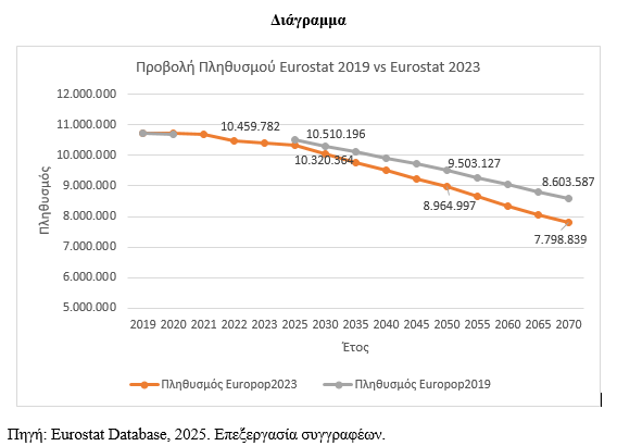 Ειδικότερα, στις δημογραφικές προβολές του 2019 η Eurostat προέβλεπε ότι ο πληθυσμός της Ελλάδας μέχρι το 2070 θα μειώνονταν σε 8,6 εκατ. κατοίκους από 10,7 εκατ. κατοίκους που ήταν το 2019 (μείωση 19,7%). Στις επικαιροποιημένες δημογραφικές προβολές που εκπονήθηκαν τέσσερα χρόνια μετά (2023) (Απρίλιος 2023, Europop 2023), η Eurostat προβλέπει ότι ο πληθυσμός της χώρας μας θα μειωθεί από 10,435 εκατ. κατοίκους το 2022 σε 7,8 εκατ. κατοίκους το 2070 (μείωση 31%) (Διάγραμμα).
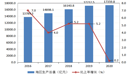 地區(qū)經濟實力進一步躍升。“十三五”時期,中國經濟由高速增長階段轉入中高速增長階段,全區(qū)積極應對各種風險和挑戰(zhàn),經濟平穩(wěn)運行。全區(qū)地區(qū)生產總值從20151.29萬億元增加到2020年的1.74萬億元,按可比價格計算,“十三五”時期年均增長4.3%
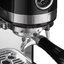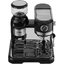 выглядит стильно и собранно: корпус сочетает строгие линии и контрастные поверхности, подчеркнутые элементами из нержавеющей стали. Аппарат черного цвета с блестящими металлическими вставками, компактно размещается при высоте 40 см, ширине 31 см и глубине 32 см. На передней панели расположен информативный дисплей и набор кнопочных и поворотных переключателей, которые легко читаются и управляются. Над рабочей зоной предусмотрена площадка для подогрева чашек, а поручни и носики сопроводительных узлов аккуратно вписаны в общую композицию.
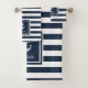 Um elegante conjunto náutico de toalhas de design, personalizado, com âncora e um padrão marinho, azul e branco, com o seu nome de barco fixado num quadrado marinho com bordos azuis. Projetado por Thisnotme©
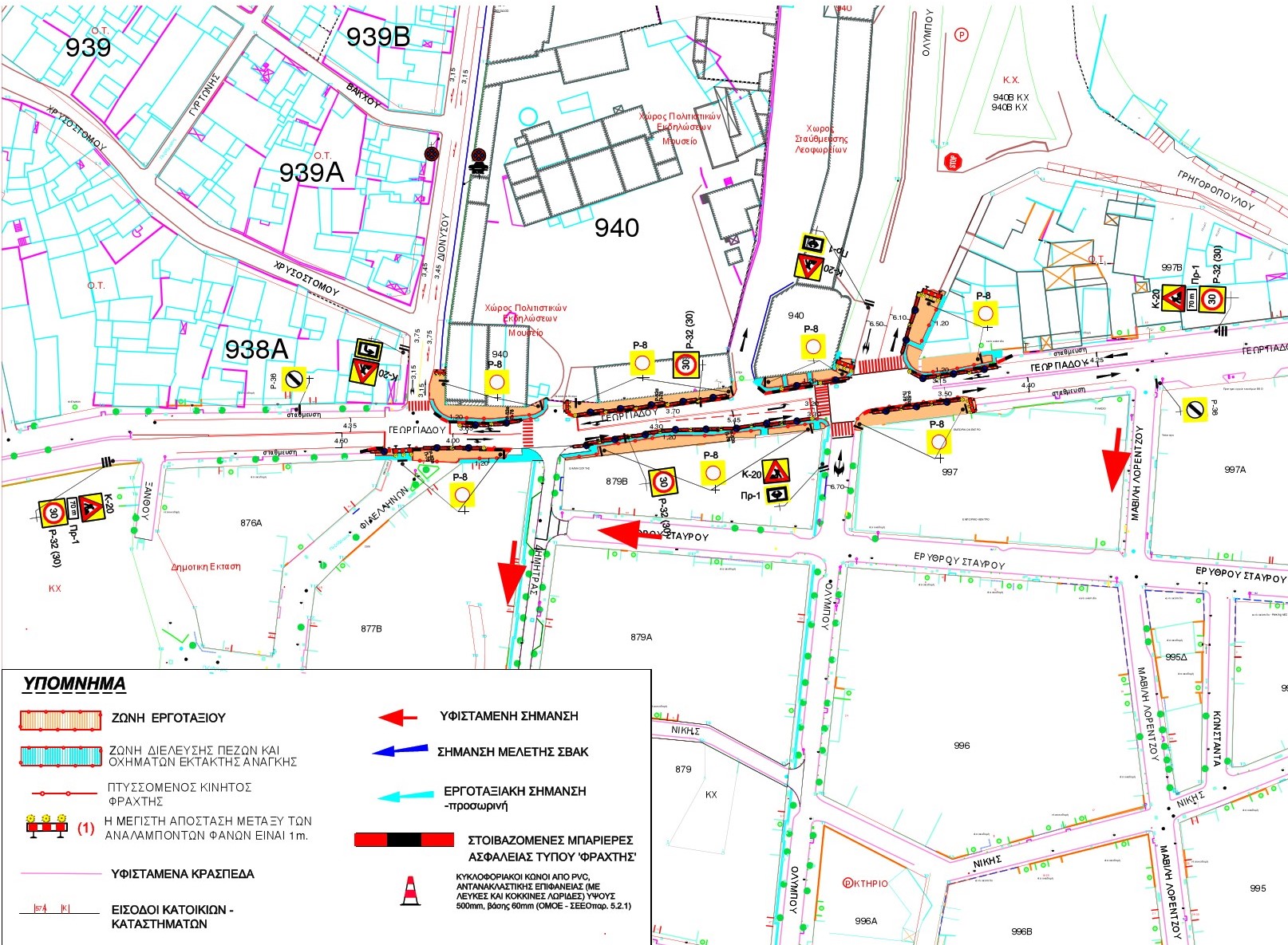 Ειδικότερα κατά τη διάρκεια των εργασιών του σταδίου Α29, η κυκλοφορία των οχημάτων στην οδό ΓΕΩΡΓΙΑΔΟΥ με κατεύθυνση από την οδό ΦΙΛΕΛΛΗΝΩΝ προς την οδό ΛΟΡ. ΜΑΒΙΛΗ θα γίνεται σε μία λωρίδα κυκλοφορίας πλάτος 3,50μ έως 4,30μ (τοπική μείωση της λωρίδας κυκλοφορίας από 4,40μ / 4,60μ) , λόγω της στένωσης του οδοστρώματος στην δεξιά πλευρά της οδού σύμφωνα με την κίνηση των οχημάτων από την οδό Φιλελλήνων προς την οδό Λ. Μαβίλη – επιτρέποντας την αριστερή στροφή προς την οδό ΟΛΥΜΠΟΥ δημιουργώντας πρόσθετη λωρίδα πλάτους 3,20μ.
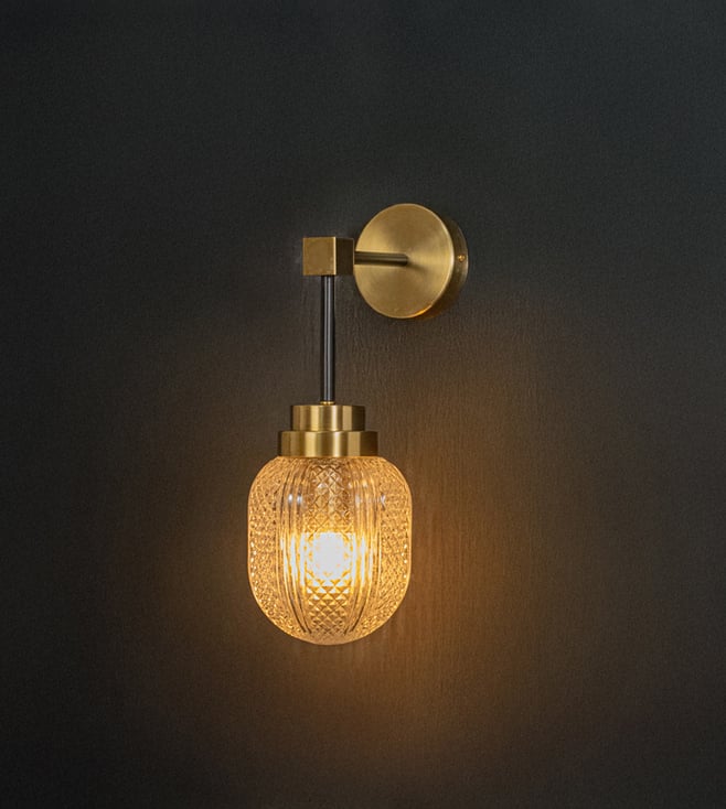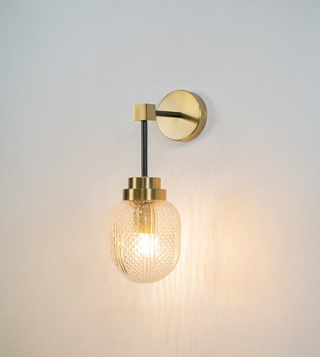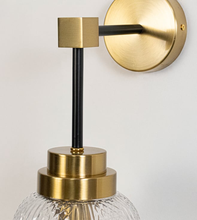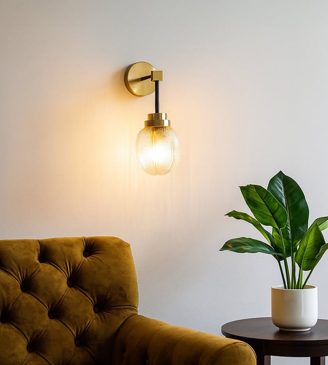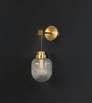 The Natasha Wall Sconce blends classic charm with a modern twist. Featuring a golden metal finish and a textured glass globe, it adds warmth and sophistication to any interior wall. Key Features: Elegant gold metal arm with contrasting black accent Textured glass globe for soft, ambient lighting Compatible with E27 holder for standard bulb use Crafted from high-quality metal and patterned glass Perfect for bedside walls, hallways, vanity areas, or reading corners Wall-mounted for focused, downward illumination.
******************************
**What you have to do**
In the entries above, which lines run from the one with "地區(qū)經濟實力進一步躍" up to and including the one with "выглядит стильно и"? Write them out exactly, without the pictures.

**Reply to the task**
 地區(qū)經濟實力進一步躍升。“十三五”時期,中國經濟由高速增長階段轉入中高速增長階段,全區(qū)積極應對各種風險和挑戰(zhàn),經濟平穩(wěn)運行。全區(qū)地區(qū)生產總值從20151.29萬億元增加到2020年的1.74萬億元,按可比價格計算,“十三五”時期年均增長4.3%
 выглядит стильно и собранно: корпус сочетает строгие линии и контрастные поверхности, подчеркнутые элементами из нержавеющей стали. Аппарат черного цвета с блестящими металлическими вставками, компактно размещается при высоте 40 см, ширине 31 см и глубине 32 см. На передней панели расположен информативный дисплей и набор кнопочных и поворотных переключателей, которые легко читаются и управляются. Над рабочей зоной предусмотрена площадка для подогрева чашек, а поручни и носики сопроводительных узлов аккуратно вписаны в общую композицию.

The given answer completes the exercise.